The signup season ends Jan. 31, but Kennedy said consumers are “highly encouraged” to sign up now, rather than wait until the last minute.
“Even going a month without insurance you’re rolling the dice,” Kennedy said, risking an unexpected health care crisis that could rack up medical bills. Those who enroll by Jan. 31 would not receive insurance coverage until March 1.
The enrollment changes came as more than 200 health care advocates gathered Tuesday in downtown Sacramento to urge solidarity in fighting the anticipated rollback of the Affordable Care Act, cutbacks in Medicare expansion programs and other health care changes proposed by the incoming Trump administration.
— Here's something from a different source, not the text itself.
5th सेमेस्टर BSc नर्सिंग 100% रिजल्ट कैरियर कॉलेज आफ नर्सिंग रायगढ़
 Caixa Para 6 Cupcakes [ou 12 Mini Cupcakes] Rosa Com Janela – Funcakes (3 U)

“We cannot go back,” said Anthony Wright, executive director of Health Access California, the statewide consumer advocacy organization. He said California’s congressional delegation needs to be educated about the “catastrophic consequences” of repealing the Affordable Care Act without an alternative plan in place, especially among low-income residents in the Central Valley.
An estimated 5 million Californians are insured under the Affordable Care Act, either through Covered California plans or Medi-Cal expansion.
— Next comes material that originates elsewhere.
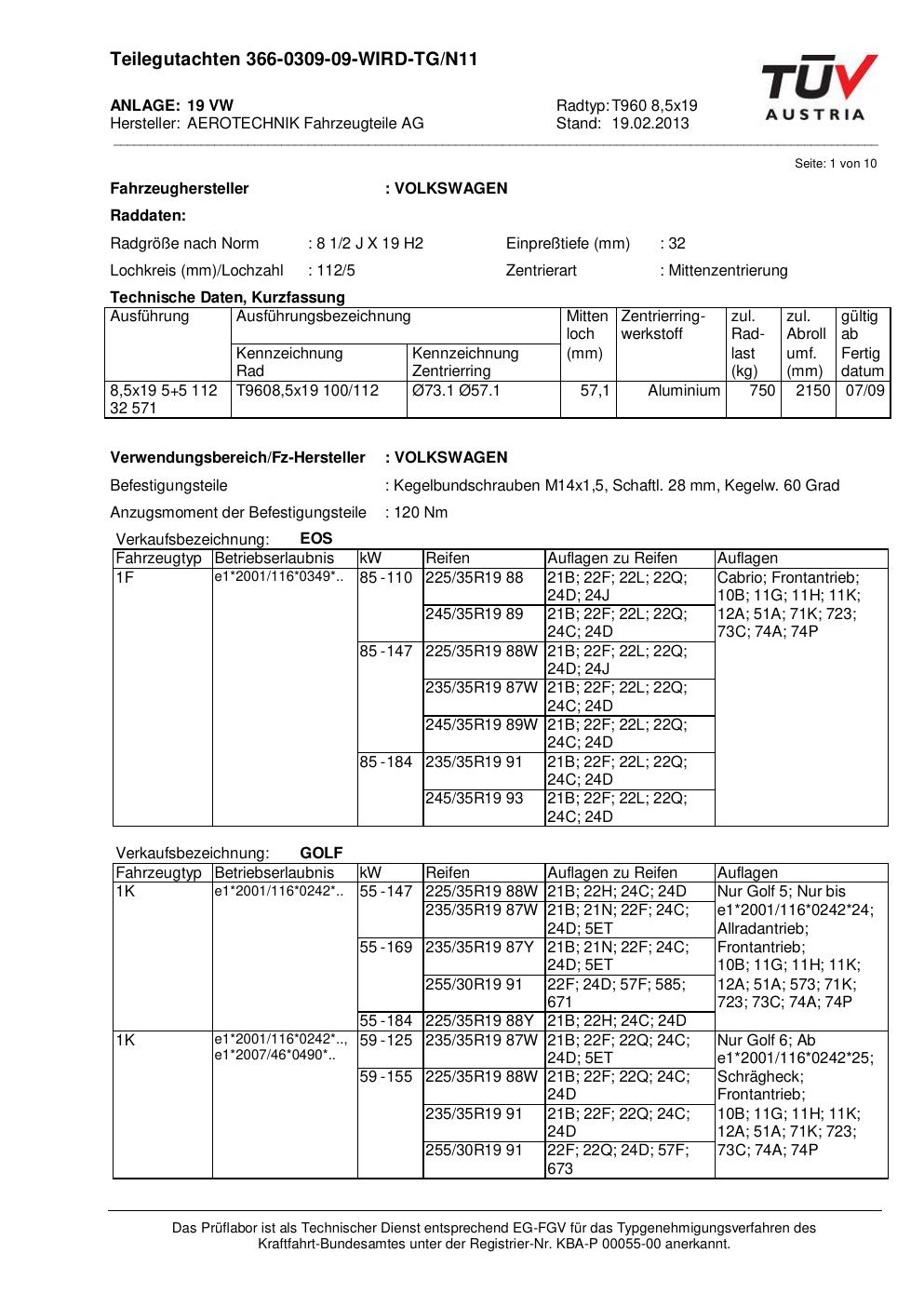 Dieses Gutachten (teilegutachten) bezieht sich auf die Alufelge ATS T960 8 in der Ausführung 8.5Jx19 ET 0, Mittenloch 0 mm . Im PDF findest du typischerweise zulässige Reifengrößen, Auflagen/Anbauhinweise und – je nach Dokument – Hinweise zur Eintragung.

“We’re not going to let one election take back all the progress we’ve made so far,” said state Sen. Ricardo Lara, D-Bell Gardens, who was behind legislation to enroll all California children, regardless of immigration status, in health coverage. That effort, estimated to cost the state about $132 million and cover about 117,000 children, took effect May 1.
State Sen. Ed Hernandez, D-West Covina, chairman of the Senate Health Committee, warned that people in low-income areas could see hefty premium increases and over-reliance on emergency rooms if millions of residents lose federal subsidies and go without coverage because it’s no longer required.